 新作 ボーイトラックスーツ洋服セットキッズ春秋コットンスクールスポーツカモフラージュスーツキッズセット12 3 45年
------------------------------------
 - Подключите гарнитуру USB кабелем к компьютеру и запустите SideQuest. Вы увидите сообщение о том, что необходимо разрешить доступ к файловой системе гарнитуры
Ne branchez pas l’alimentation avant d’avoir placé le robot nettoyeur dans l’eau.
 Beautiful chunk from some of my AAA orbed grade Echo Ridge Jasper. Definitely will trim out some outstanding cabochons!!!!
------------------------------------
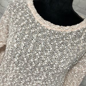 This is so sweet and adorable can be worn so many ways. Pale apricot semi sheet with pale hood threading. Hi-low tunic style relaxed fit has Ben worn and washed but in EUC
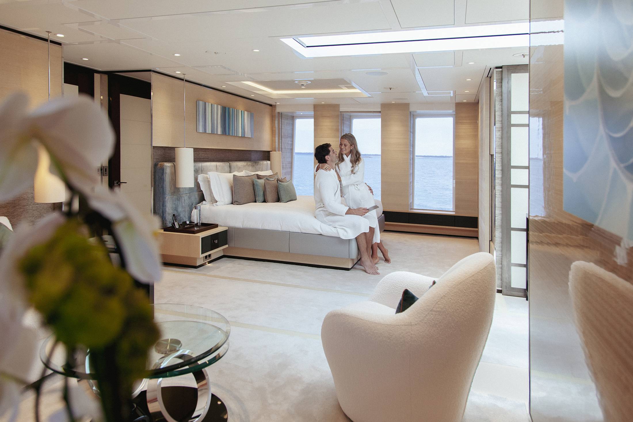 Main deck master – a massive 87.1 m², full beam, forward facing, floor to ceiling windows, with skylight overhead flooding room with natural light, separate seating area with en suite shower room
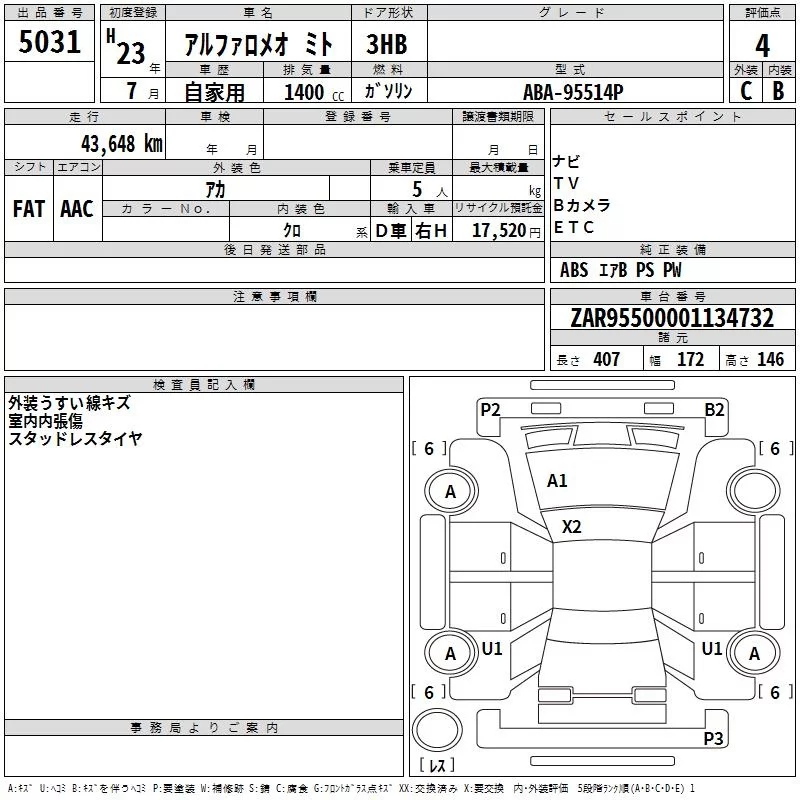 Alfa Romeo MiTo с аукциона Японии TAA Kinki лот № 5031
------------------------------------
-- TASK GOAL --
Set down again, word for word, the stretch of records from the line with "- Подключите гарнитуру" to the line with "Beautiful chunk from", both of those lines included.

-- THE ANSWER --
 - Подключите гарнитуру USB кабелем к компьютеру и запустите SideQuest. Вы увидите сообщение о том, что необходимо разрешить доступ к файловой системе гарнитуры
Ne branchez pas l’alimentation avant d’avoir placé le robot nettoyeur dans l’eau.
 Beautiful chunk from some of my AAA orbed grade Echo Ridge Jasper. Definitely will trim out some outstanding cabochons!!!!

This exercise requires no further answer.